*Your objective:*
Would you output the lines from the one with "Spodnie boyfriend średni" through the last line of the material below, exactly, but without pictures?

***** Source material *****

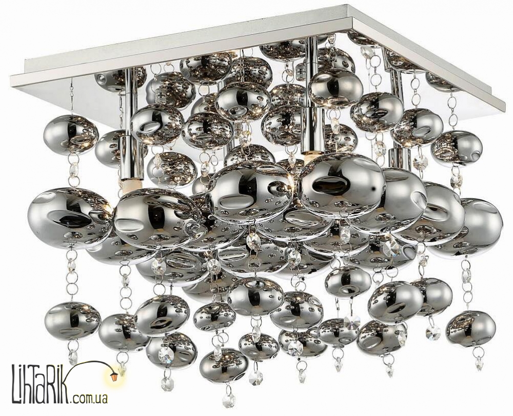 Припотолочная люстра с четкими ровными углами впишется в любую дизайнерскую среду. Модель представлена в золотых тонах. Светильник изготовлен из металла, стекла высокого качества
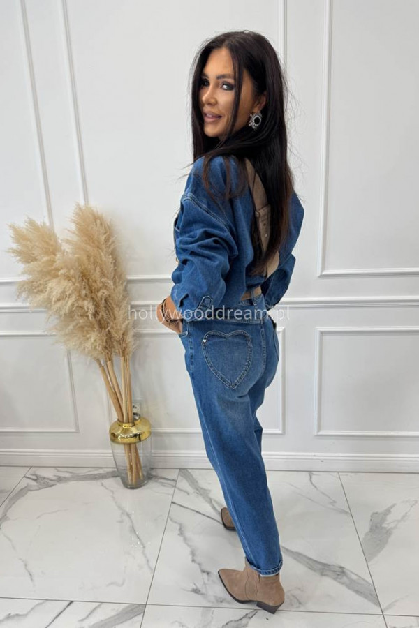 Spodnie boyfriend średni stan z sercem na kieszeniach ciemny jeans LOPEZ
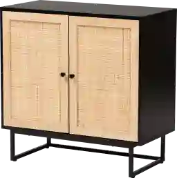 Give your interior a breath of modern flair with the Blesch black accent cabinet. This lovely piece consists of a wood frame resting atop a solid metal base. The doors open to reveal two spacious shelves that assist in organizing busy areas while round doorknobs lend a smooth geometric display. The Blesch features woven rattan embellishments for a touch of classic artistry. Due to the nature of the natural materials used in this product, it may have variations in areas such as, but not limited to, color, pattern, grain and texture. The hair-like strands of rattan/rattan-fiber are common due to the nature of the material. Customer assembly is required.
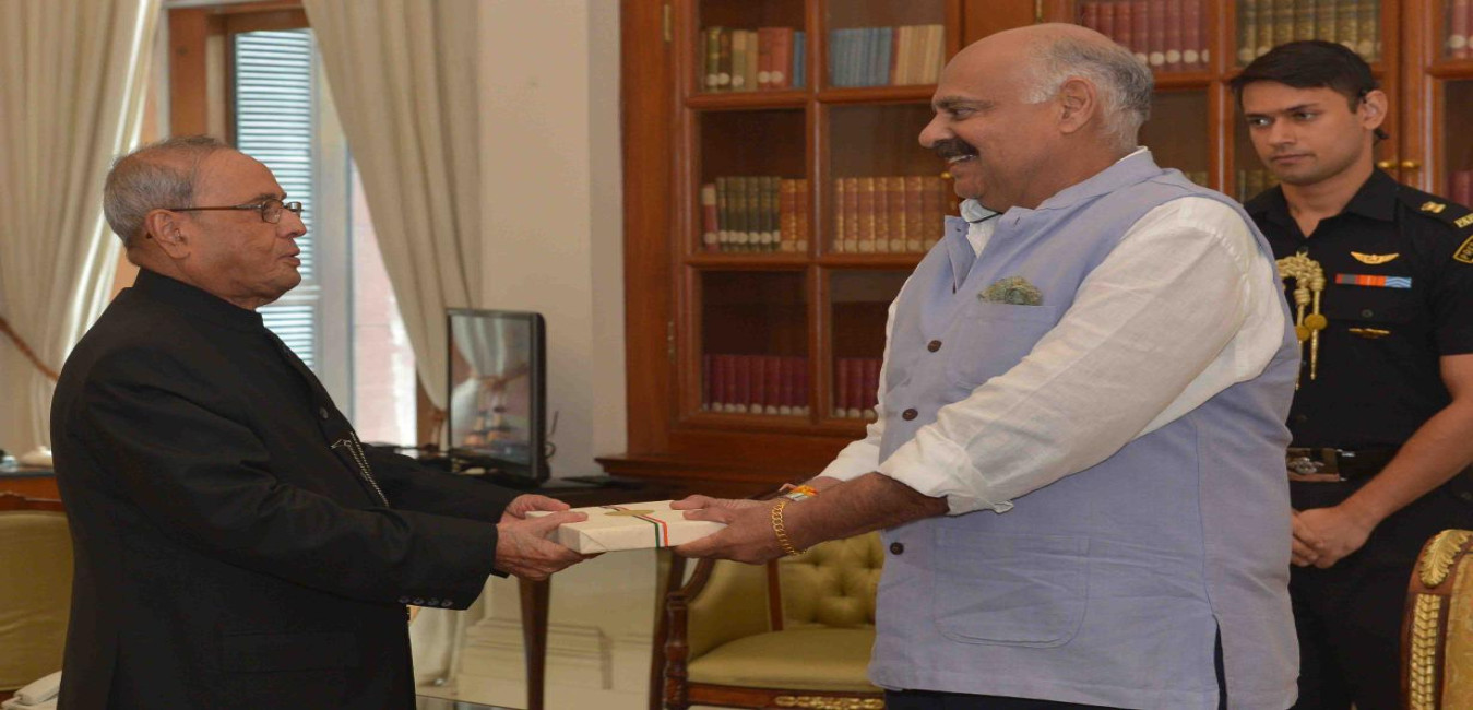 The President of India, Shri Pranab Mukherjee meeting with Shri V.P. Singh Badnore, Governor-designate of Punjab, at Rashtrapati Bhavan on August 20, 2016.

*****

*Solution below:*
 Spodnie boyfriend średni stan z sercem na kieszeniach ciemny jeans LOPEZ
 Give your interior a breath of modern flair with the Blesch black accent cabinet. This lovely piece consists of a wood frame resting atop a solid metal base. The doors open to reveal two spacious shelves that assist in organizing busy areas while round doorknobs lend a smooth geometric display. The Blesch features woven rattan embellishments for a touch of classic artistry. Due to the nature of the natural materials used in this product, it may have variations in areas such as, but not limited to, color, pattern, grain and texture. The hair-like strands of rattan/rattan-fiber are common due to the nature of the material. Customer assembly is required.
 The President of India, Shri Pranab Mukherjee meeting with Shri V.P. Singh Badnore, Governor-designate of Punjab, at Rashtrapati Bhavan on August 20, 2016.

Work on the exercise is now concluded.